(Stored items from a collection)
§ §

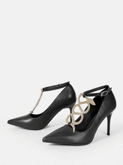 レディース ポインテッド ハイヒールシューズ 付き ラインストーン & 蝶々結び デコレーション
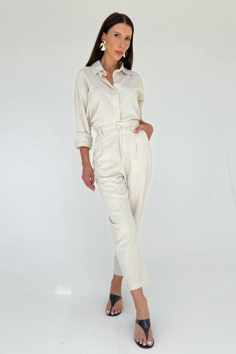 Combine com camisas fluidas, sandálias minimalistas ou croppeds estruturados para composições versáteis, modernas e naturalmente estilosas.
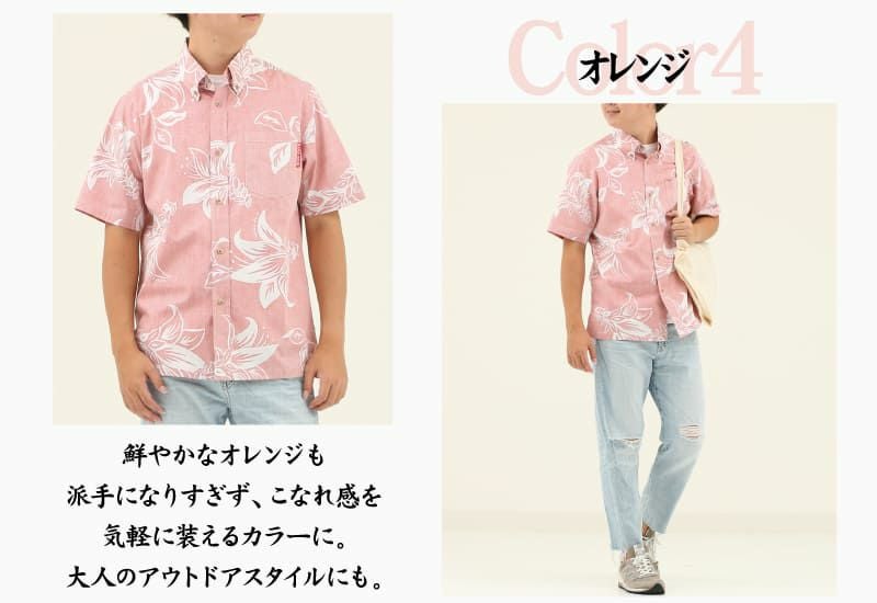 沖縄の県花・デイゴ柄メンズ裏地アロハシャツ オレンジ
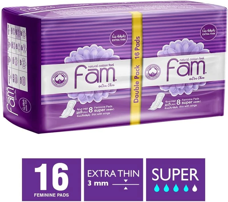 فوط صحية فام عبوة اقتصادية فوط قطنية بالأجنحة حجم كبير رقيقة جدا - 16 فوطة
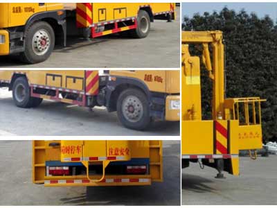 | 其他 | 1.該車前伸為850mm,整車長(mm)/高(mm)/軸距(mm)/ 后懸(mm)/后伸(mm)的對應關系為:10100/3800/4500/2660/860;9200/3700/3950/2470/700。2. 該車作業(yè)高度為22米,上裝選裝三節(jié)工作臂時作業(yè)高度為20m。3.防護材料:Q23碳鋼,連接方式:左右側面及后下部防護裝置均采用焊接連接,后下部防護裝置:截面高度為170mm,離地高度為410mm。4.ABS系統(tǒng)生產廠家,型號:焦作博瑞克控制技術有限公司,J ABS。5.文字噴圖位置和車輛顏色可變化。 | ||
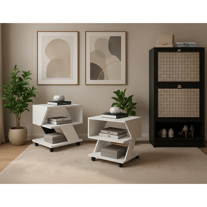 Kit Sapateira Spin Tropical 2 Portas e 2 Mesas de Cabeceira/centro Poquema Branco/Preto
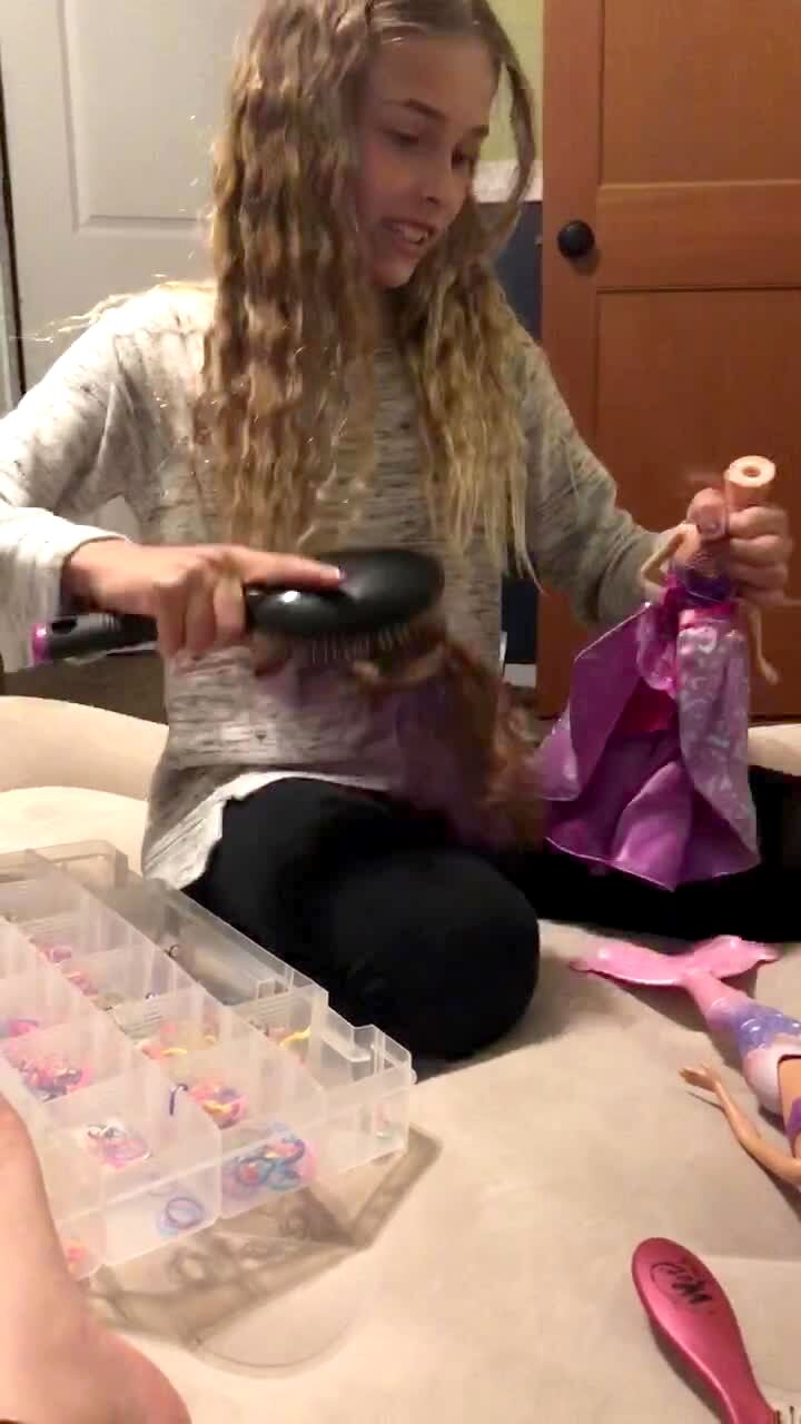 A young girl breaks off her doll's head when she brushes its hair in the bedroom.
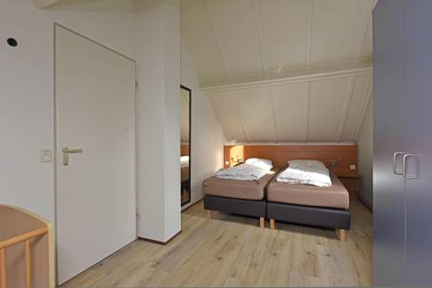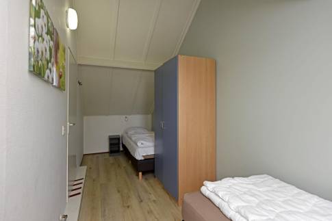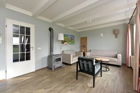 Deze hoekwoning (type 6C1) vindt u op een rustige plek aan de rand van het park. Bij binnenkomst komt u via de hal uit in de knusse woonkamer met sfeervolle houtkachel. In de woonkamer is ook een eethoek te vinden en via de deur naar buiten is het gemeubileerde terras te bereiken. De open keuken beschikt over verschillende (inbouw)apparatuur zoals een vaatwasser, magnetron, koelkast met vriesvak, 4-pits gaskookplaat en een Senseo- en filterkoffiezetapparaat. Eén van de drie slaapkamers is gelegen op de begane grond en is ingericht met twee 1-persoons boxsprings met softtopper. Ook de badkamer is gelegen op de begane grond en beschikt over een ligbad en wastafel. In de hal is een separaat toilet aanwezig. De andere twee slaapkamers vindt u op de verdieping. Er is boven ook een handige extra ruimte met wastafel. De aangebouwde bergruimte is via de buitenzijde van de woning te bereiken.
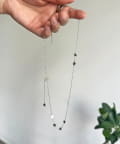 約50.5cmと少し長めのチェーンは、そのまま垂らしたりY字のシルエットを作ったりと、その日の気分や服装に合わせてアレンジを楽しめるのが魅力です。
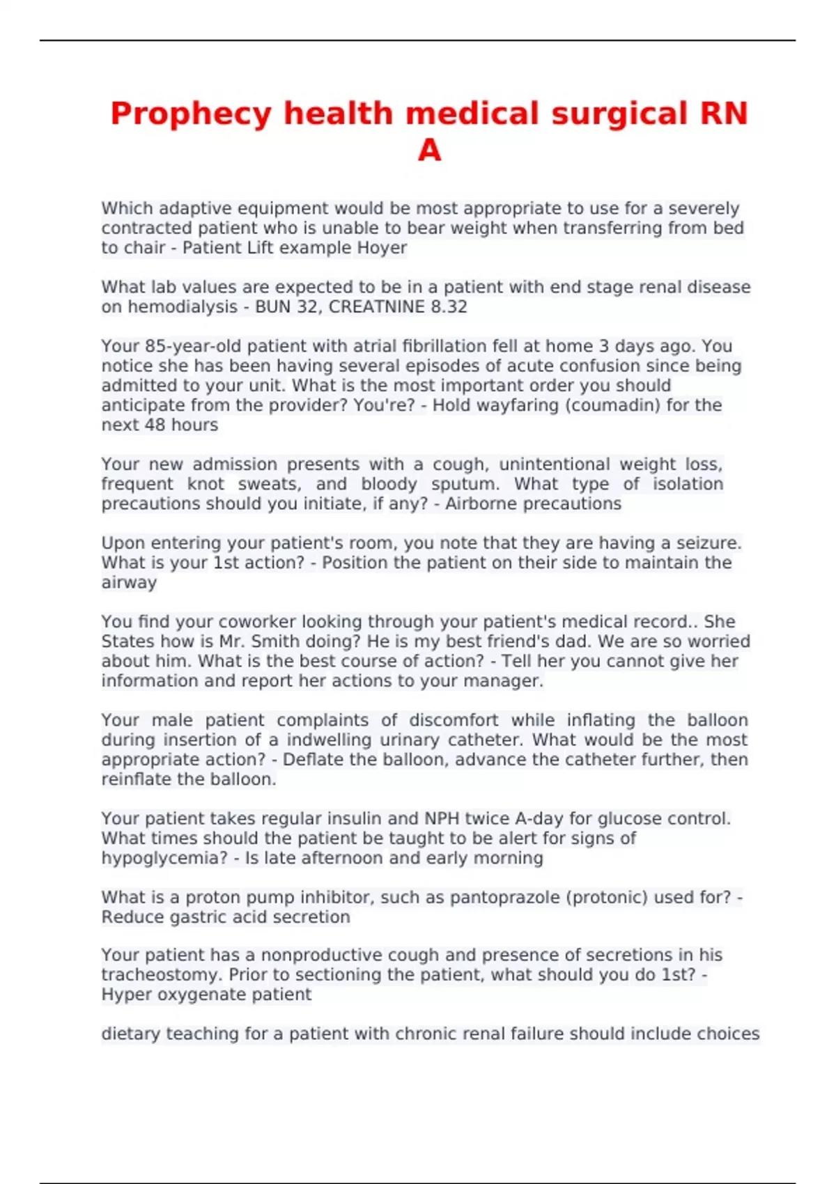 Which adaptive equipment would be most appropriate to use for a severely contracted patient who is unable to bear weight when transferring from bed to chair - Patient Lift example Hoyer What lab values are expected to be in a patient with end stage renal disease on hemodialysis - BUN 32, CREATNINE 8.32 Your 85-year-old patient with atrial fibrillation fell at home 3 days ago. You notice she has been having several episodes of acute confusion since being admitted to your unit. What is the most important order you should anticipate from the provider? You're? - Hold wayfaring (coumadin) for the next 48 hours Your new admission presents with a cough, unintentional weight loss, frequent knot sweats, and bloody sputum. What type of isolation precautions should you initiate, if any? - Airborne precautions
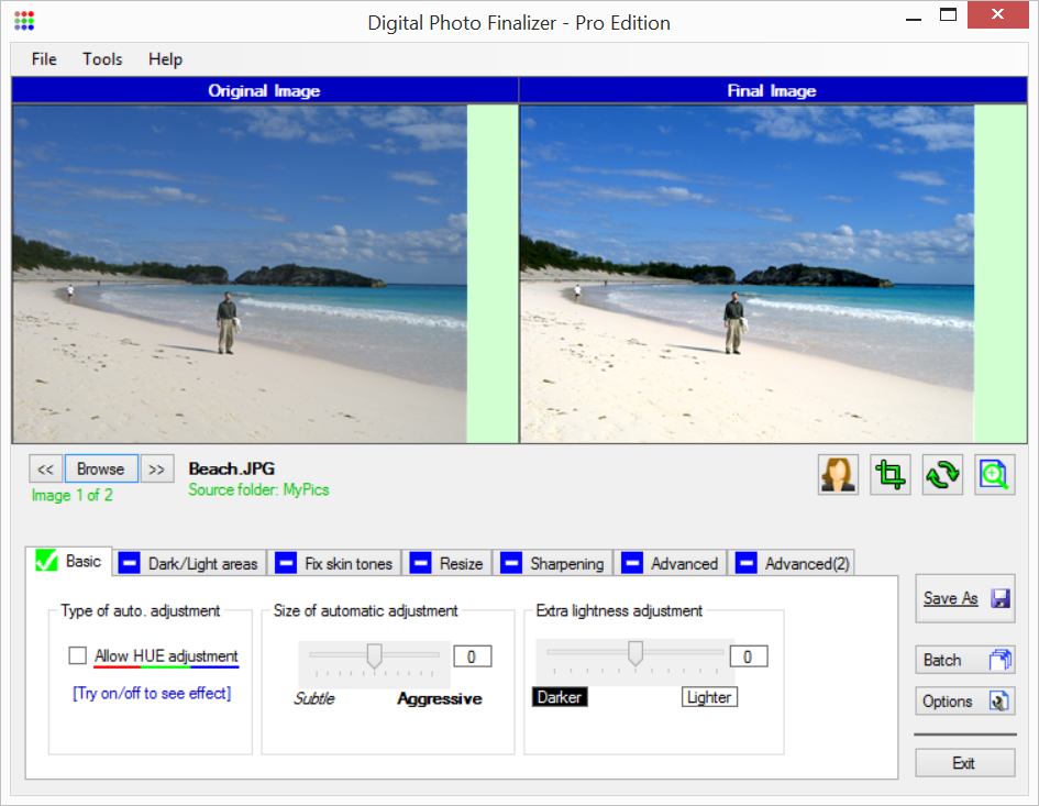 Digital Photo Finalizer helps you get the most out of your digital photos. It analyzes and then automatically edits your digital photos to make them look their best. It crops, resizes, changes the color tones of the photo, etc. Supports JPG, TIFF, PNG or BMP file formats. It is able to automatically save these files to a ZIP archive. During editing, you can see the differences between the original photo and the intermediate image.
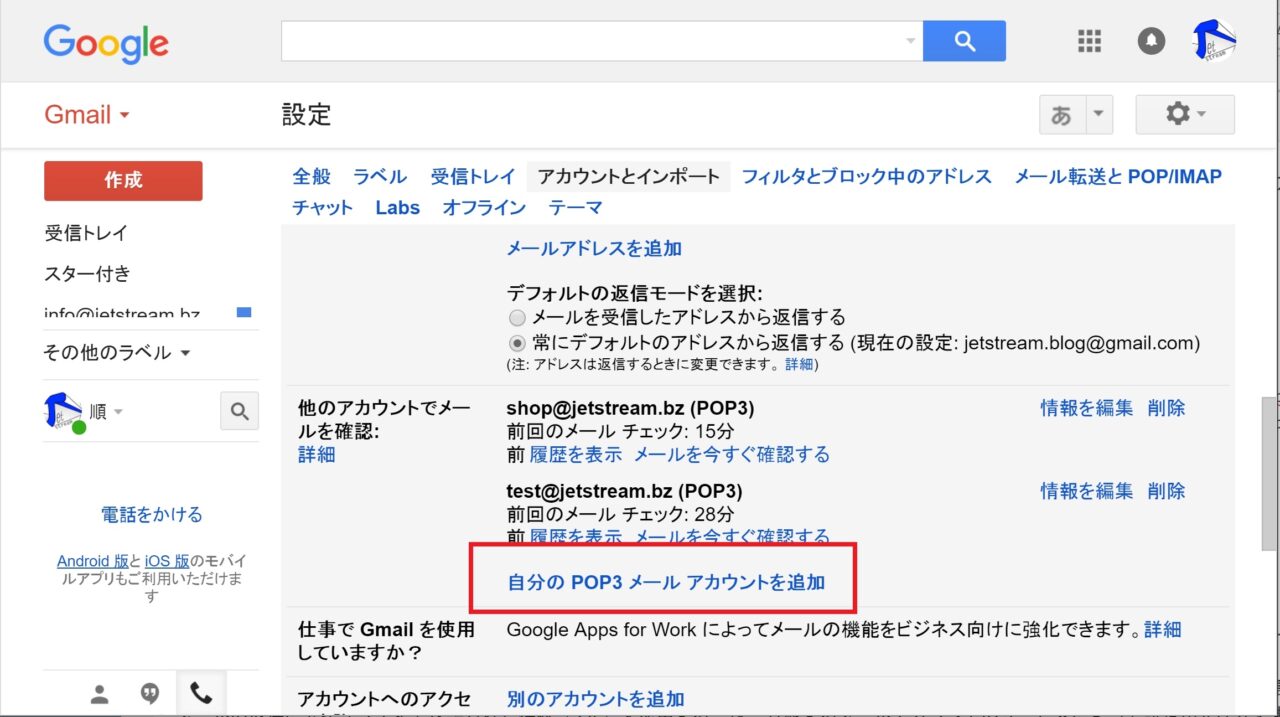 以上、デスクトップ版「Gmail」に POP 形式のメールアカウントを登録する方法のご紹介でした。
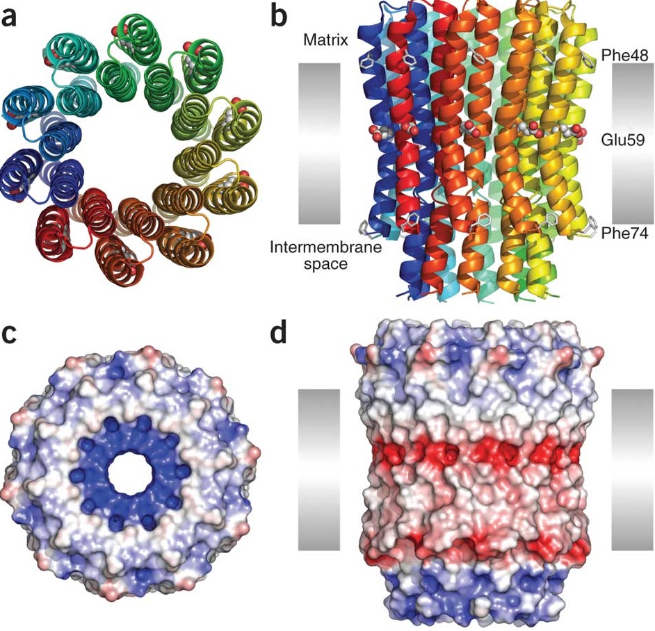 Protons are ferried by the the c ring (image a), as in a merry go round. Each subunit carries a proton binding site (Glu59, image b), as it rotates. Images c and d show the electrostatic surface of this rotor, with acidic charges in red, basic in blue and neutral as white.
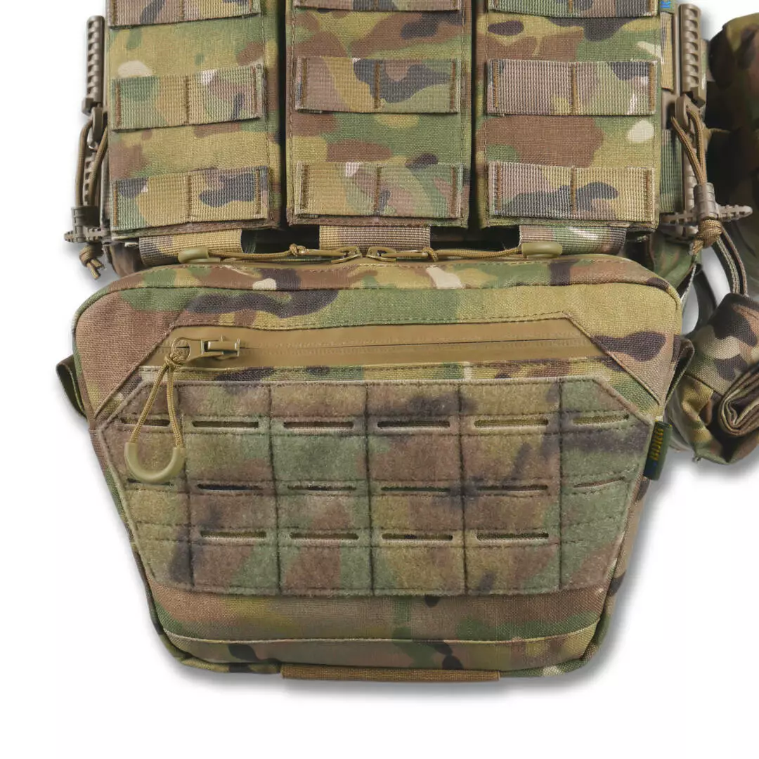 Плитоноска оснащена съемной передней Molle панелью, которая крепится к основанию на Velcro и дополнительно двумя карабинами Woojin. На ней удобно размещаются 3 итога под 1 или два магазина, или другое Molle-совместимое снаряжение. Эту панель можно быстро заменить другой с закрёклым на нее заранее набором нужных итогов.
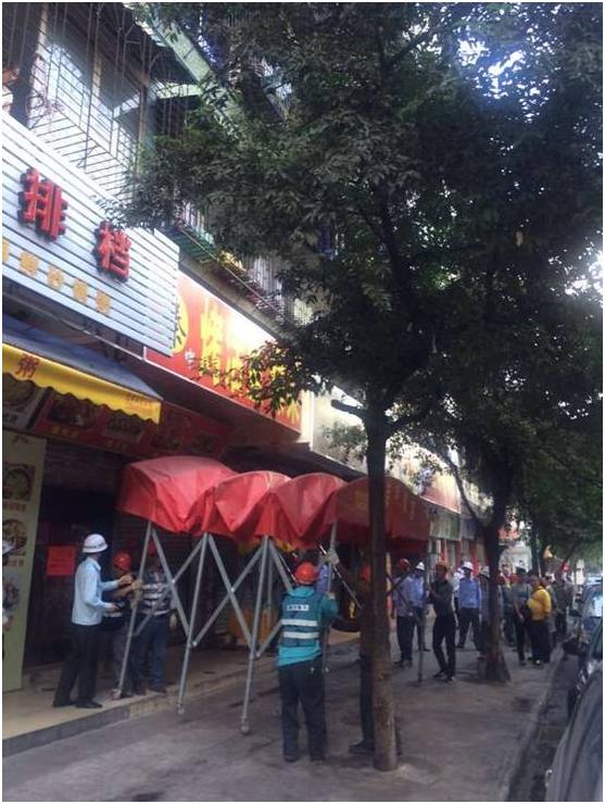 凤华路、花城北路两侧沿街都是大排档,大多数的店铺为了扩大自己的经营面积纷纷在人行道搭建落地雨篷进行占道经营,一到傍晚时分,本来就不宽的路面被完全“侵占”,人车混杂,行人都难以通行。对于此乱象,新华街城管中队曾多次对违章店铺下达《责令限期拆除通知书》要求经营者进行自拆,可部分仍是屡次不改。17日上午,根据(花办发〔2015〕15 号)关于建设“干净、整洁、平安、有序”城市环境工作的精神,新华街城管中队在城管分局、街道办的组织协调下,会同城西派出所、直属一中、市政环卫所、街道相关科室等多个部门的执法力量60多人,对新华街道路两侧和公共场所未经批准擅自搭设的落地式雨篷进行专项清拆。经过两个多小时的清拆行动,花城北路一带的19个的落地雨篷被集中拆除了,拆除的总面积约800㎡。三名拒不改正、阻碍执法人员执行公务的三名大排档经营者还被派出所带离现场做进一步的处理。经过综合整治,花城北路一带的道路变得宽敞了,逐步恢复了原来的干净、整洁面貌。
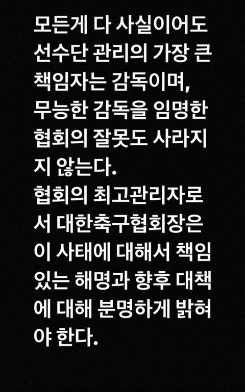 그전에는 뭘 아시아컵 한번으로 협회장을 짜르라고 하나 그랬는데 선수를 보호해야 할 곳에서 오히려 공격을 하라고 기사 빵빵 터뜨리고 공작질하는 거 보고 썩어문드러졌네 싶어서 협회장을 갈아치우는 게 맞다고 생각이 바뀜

§ §

Prompt
From the records above, output only the lines starting at the one containing "فوط صحية فام" and ending at the one containing "A young girl", word for word. Pictures stay out.

Written solution
 فوط صحية فام عبوة اقتصادية فوط قطنية بالأجنحة حجم كبير رقيقة جدا - 16 فوطة
 | 其他 | 1.該車前伸為850mm,整車長(mm)/高(mm)/軸距(mm)/ 后懸(mm)/后伸(mm)的對應關系為:10100/3800/4500/2660/860;9200/3700/3950/2470/700。2. 該車作業(yè)高度為22米,上裝選裝三節(jié)工作臂時作業(yè)高度為20m。3.防護材料:Q23碳鋼,連接方式:左右側面及后下部防護裝置均采用焊接連接,后下部防護裝置:截面高度為170mm,離地高度為410mm。4.ABS系統(tǒng)生產廠家,型號:焦作博瑞克控制技術有限公司,J ABS。5.文字噴圖位置和車輛顏色可變化。 | ||
 Kit Sapateira Spin Tropical 2 Portas e 2 Mesas de Cabeceira/centro Poquema Branco/Preto
 A young girl breaks off her doll's head when she brushes its hair in the bedroom.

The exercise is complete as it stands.